*** Listed records ***
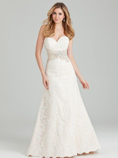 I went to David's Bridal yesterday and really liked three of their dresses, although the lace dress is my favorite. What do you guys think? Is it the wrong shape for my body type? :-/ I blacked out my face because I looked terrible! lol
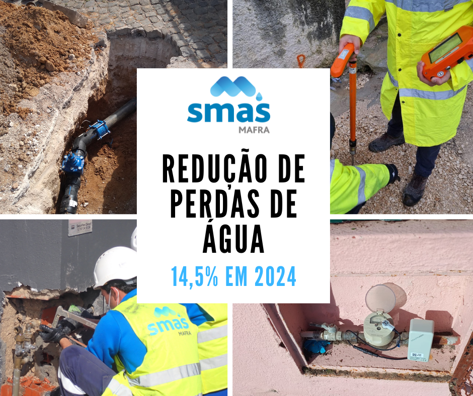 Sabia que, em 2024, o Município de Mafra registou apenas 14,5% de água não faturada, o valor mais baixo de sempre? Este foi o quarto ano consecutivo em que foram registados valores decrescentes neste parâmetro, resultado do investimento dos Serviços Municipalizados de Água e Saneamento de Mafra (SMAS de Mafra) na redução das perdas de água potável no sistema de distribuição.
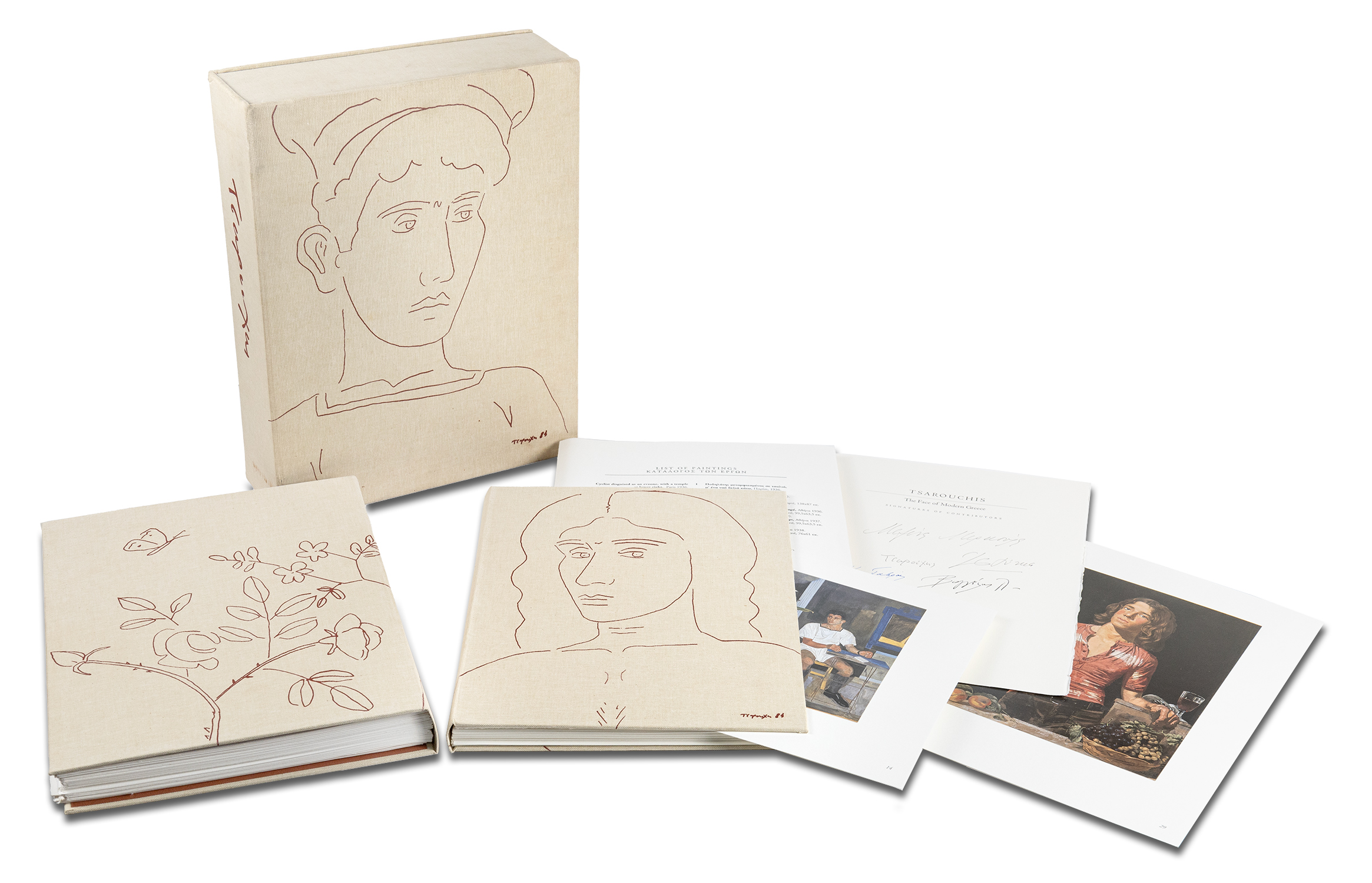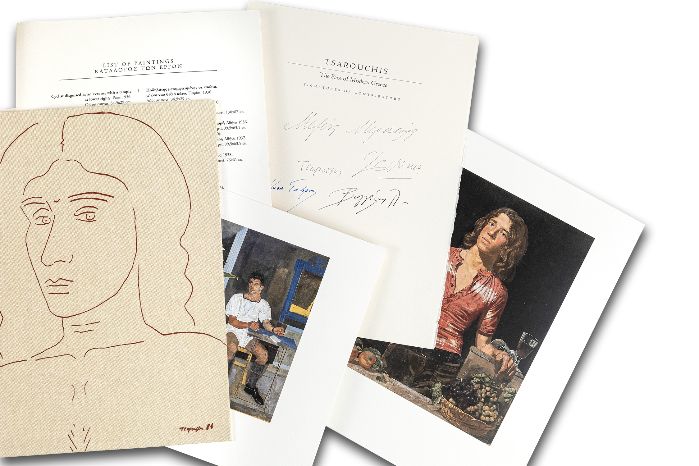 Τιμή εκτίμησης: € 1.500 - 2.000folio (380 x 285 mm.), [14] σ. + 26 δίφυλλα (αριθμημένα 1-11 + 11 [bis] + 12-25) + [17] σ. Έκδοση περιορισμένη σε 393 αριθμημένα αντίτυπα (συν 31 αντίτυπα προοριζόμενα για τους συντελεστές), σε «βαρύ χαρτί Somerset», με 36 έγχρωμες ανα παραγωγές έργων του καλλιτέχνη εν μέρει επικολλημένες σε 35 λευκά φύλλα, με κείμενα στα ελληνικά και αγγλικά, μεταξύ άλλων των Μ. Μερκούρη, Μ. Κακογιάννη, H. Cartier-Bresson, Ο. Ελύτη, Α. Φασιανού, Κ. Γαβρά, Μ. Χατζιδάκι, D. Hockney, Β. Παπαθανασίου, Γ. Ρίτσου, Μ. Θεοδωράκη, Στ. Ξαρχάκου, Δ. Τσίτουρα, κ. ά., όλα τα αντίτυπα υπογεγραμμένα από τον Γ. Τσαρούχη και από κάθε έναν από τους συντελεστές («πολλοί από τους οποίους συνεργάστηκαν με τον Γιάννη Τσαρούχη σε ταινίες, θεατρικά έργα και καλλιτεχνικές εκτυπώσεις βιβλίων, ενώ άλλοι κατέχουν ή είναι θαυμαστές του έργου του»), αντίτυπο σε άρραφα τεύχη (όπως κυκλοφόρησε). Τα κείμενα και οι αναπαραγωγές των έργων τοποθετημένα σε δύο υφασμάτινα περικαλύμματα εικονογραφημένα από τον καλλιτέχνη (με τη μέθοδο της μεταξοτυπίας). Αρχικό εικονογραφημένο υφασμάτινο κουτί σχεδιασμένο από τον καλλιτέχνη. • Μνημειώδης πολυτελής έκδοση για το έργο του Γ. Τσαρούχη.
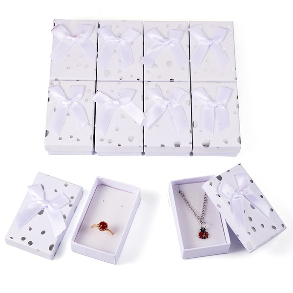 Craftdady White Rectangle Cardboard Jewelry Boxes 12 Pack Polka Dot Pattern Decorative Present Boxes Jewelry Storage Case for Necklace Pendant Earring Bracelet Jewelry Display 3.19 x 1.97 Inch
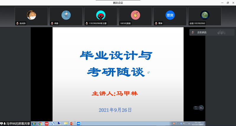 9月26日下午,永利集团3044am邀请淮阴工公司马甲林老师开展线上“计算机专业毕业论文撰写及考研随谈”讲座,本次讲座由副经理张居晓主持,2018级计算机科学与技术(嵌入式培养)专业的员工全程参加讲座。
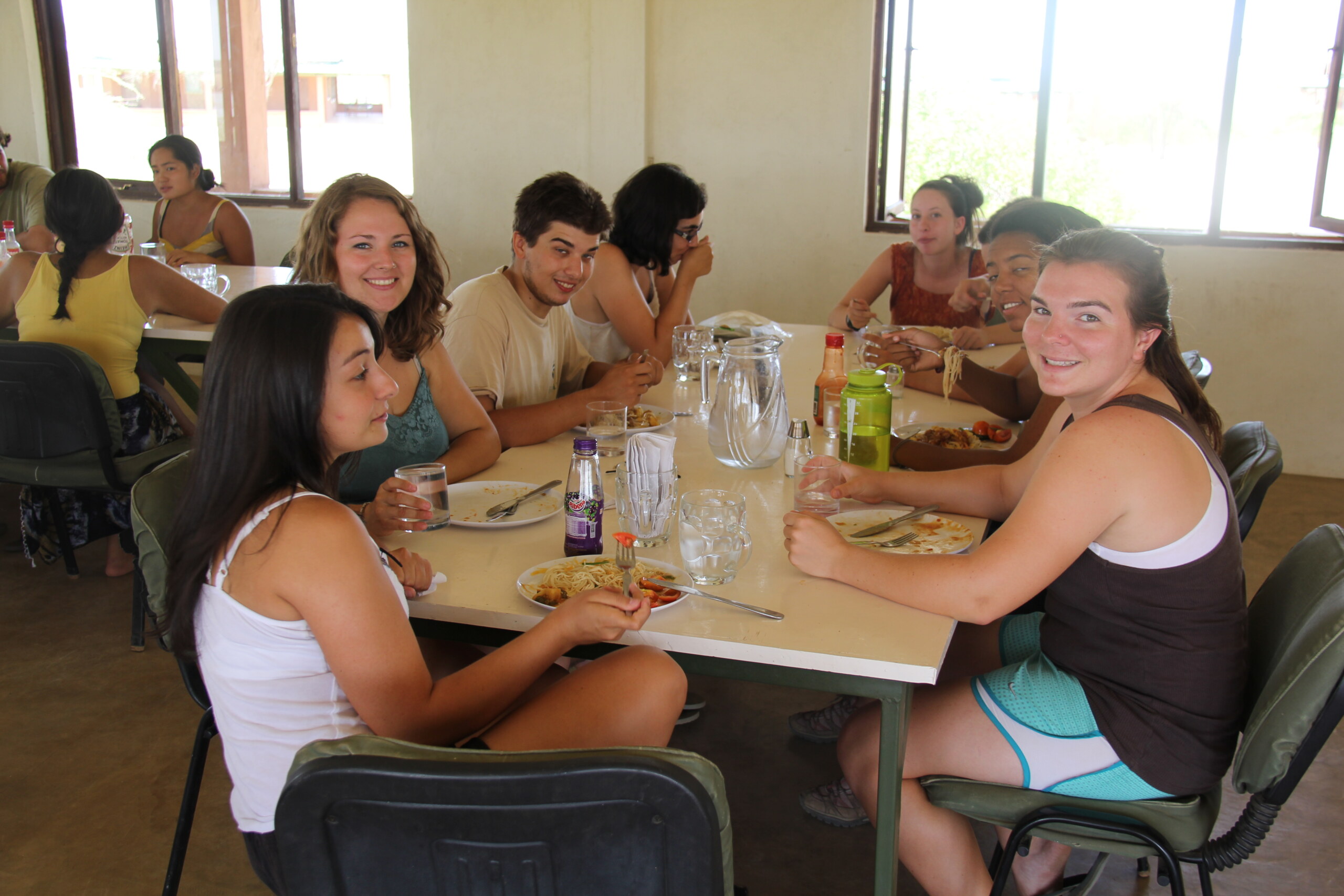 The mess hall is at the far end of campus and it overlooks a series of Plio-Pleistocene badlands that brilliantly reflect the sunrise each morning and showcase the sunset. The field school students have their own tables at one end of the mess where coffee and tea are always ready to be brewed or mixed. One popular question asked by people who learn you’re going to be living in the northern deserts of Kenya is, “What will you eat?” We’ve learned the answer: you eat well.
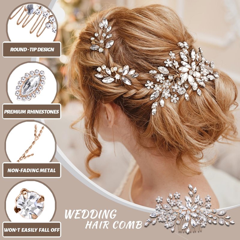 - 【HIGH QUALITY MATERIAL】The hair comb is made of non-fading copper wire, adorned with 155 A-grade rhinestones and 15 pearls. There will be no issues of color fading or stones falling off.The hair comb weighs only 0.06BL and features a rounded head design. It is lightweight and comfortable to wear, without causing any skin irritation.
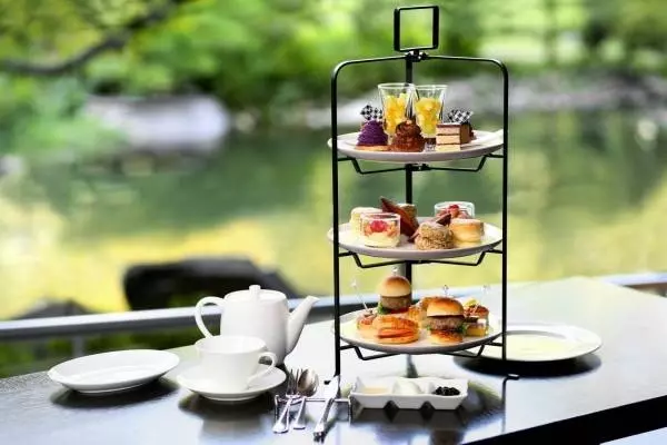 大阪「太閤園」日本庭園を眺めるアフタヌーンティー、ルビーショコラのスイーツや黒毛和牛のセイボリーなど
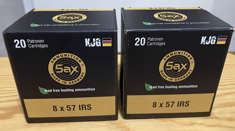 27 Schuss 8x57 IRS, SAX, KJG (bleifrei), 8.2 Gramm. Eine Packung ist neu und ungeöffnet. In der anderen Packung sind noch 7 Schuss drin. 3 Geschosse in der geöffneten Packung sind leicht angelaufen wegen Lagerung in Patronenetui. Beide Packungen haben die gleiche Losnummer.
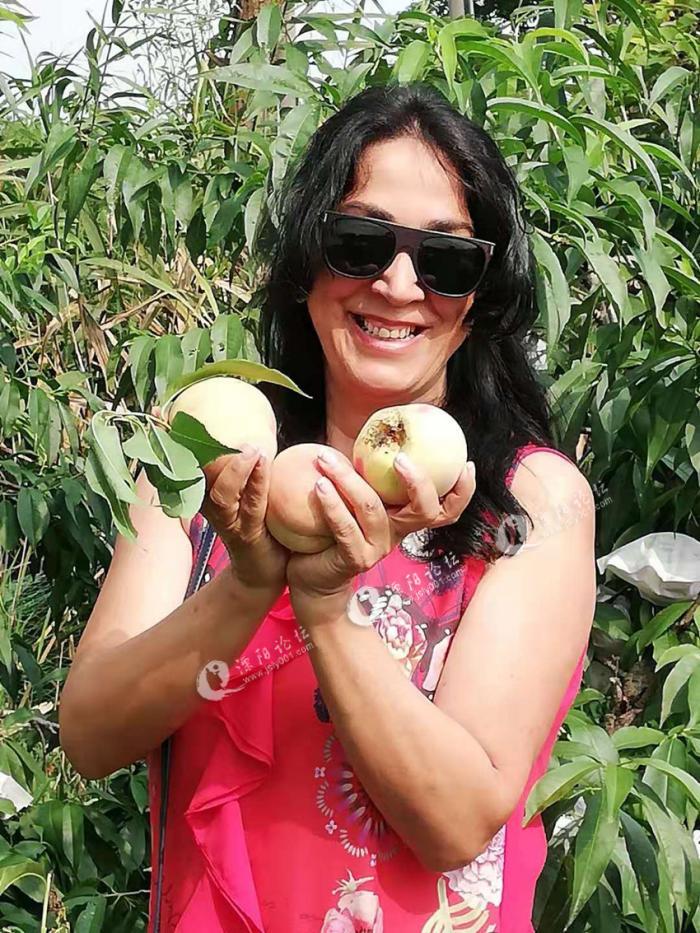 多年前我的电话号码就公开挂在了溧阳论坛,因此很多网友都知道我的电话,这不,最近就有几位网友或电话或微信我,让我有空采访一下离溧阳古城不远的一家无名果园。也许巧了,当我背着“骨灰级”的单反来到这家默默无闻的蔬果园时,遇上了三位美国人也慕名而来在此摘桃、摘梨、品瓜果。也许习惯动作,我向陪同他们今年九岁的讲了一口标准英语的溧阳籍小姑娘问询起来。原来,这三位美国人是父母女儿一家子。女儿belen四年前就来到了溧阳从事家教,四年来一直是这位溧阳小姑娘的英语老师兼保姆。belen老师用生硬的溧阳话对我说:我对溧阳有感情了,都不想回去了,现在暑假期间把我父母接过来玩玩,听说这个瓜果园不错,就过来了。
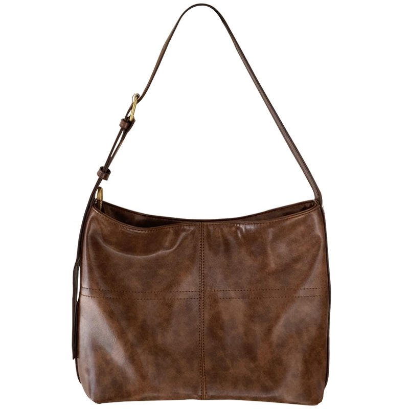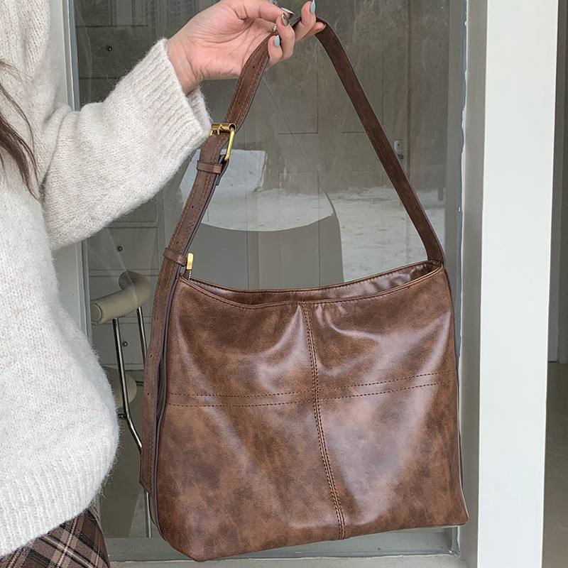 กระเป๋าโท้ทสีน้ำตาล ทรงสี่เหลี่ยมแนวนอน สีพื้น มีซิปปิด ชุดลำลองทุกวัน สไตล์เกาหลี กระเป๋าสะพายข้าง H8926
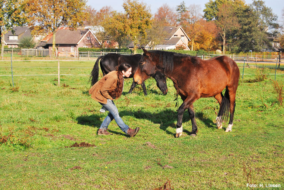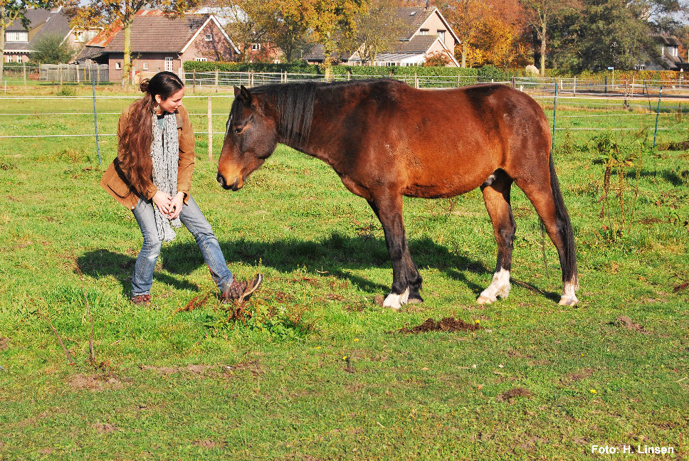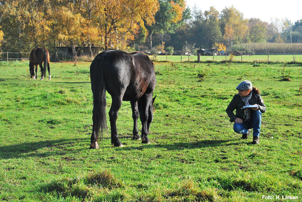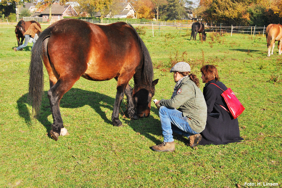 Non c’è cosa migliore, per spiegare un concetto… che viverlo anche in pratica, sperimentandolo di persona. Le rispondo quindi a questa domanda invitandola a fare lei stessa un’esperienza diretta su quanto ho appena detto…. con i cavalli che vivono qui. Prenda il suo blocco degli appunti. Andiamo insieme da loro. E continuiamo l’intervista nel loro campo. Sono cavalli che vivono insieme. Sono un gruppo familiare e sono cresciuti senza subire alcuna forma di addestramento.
*** End of Listed records ***
§ Exercise directions: Would you set down only the lines above from the line with "多年前我的电话号码就公开挂在" to the line with "กระเป๋าโท้ทสีน้ำตาล ทรงสี่เหลี่ยมแนวนอน สีพื้น", both included, exactly as they stand and without the pictures?

§ Answer to this problem:
 多年前我的电话号码就公开挂在了溧阳论坛,因此很多网友都知道我的电话,这不,最近就有几位网友或电话或微信我,让我有空采访一下离溧阳古城不远的一家无名果园。也许巧了,当我背着“骨灰级”的单反来到这家默默无闻的蔬果园时,遇上了三位美国人也慕名而来在此摘桃、摘梨、品瓜果。也许习惯动作,我向陪同他们今年九岁的讲了一口标准英语的溧阳籍小姑娘问询起来。原来,这三位美国人是父母女儿一家子。女儿belen四年前就来到了溧阳从事家教,四年来一直是这位溧阳小姑娘的英语老师兼保姆。belen老师用生硬的溧阳话对我说:我对溧阳有感情了,都不想回去了,现在暑假期间把我父母接过来玩玩,听说这个瓜果园不错,就过来了。
 กระเป๋าโท้ทสีน้ำตาล ทรงสี่เหลี่ยมแนวนอน สีพื้น มีซิปปิด ชุดลำลองทุกวัน สไตล์เกาหลี กระเป๋าสะพายข้าง H8926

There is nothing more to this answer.